The CYP1 family of enzymes and in particular CYP1B1 appears to be a universal molecular cancer marker and a target for drug discovery. Findings of the over-expression of CYP1B1 in many tumor tissues compared with normal surrounding cells have led to the search for prodrugs reliant on CYP1B1 metabolism for the conversion into cytotoxic therapeutics 9 . The modification in the expression levels of CYP1B1 has been shown to modulate tumor progression 10 and thus specific inhibitors are expected to be of therapeutic/preventive benefit. Further, the involvement of CYP1 enzymes in the bioactivation of procarcinogens such as polycyclic aromatic hydrocarbons (PAHs), heterocyclic amines, aromatic amines, and nitro polycyclic hydrocarbons 11 , in addition to the biotransformation of anticancer drugs, has stimulated research into inhibitors of CYP1 enzyme activity 12 13 . Such inhibitors are thought to be potential anti-carcinogens if they could inhibit the activities of CYP1B1 and CYP1A1 to metabolize PAHs to toxic intermediates and/or decrease their ability to detoxify cancer drugs. A number of natural products have been found to be direct inhibitors of CYP1 enzymes, as well as generate metabolites that are CYP inhibitors with cytotoxic properties. In the study described in this article, PBQ2 demonstrated potent inhibition against CYP1B1 activity, together with promising and specific activity against the colon cancer cell line HT29. The examination of a close structural relative, PBQ1, also allows identification of structural motifs critical for biological activity.

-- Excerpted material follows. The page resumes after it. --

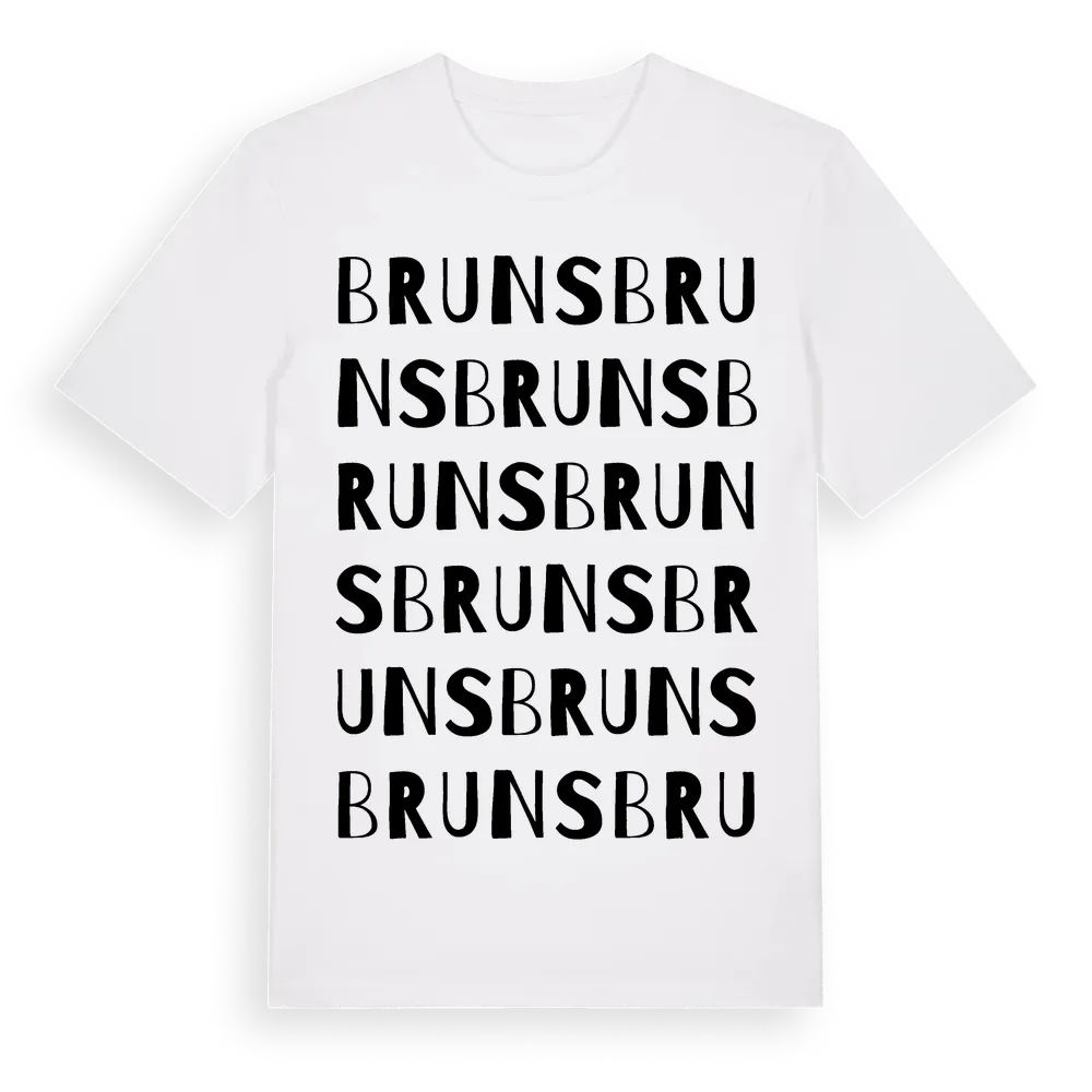 Bruns ordlek t-shirt är inspirerad av Bruns i Gävleborgs län, Sverige. Tröjan är designad för dig som har en speciell koppling till platsen – oavsett om du bor här, har rötterna här eller bara älskar Bruns.

Two PBQs (Figure 1) were isolated from the marine alga C. barbata and investigated for biological activity. The ability of these compounds to interfere with the reduction of the tetrazolium salt in the MTS assay was examined as a measure of impact on cell viability (Figure 2) using normal and cancer colon cells (CCD18 Co and HT29, respectively) along with liver and breast cancer cells (HepG2 and MCF-7, respectively). IC₅₀ values were calculated for test compounds and positive control known drug entities, doxorubicin, fluorouracil, and tamoxifen (Table 1). PBQ2 selectively impacted the viability of colon cells, HT29 with comparable potency to fluorouracil (for HT29 cancer cells: IC₅₀, 19.82 ± 0.46 μM compared to 23.50 ± 1.12 μM and normal colon cells, CCD18 Co IC₅₀, 55.65 ± 3.28 compared to 55.51 ± 3.71 μM, respectively). PBQ1 had no significant impact (<10% at 60 μM) on any of the cell lines tested.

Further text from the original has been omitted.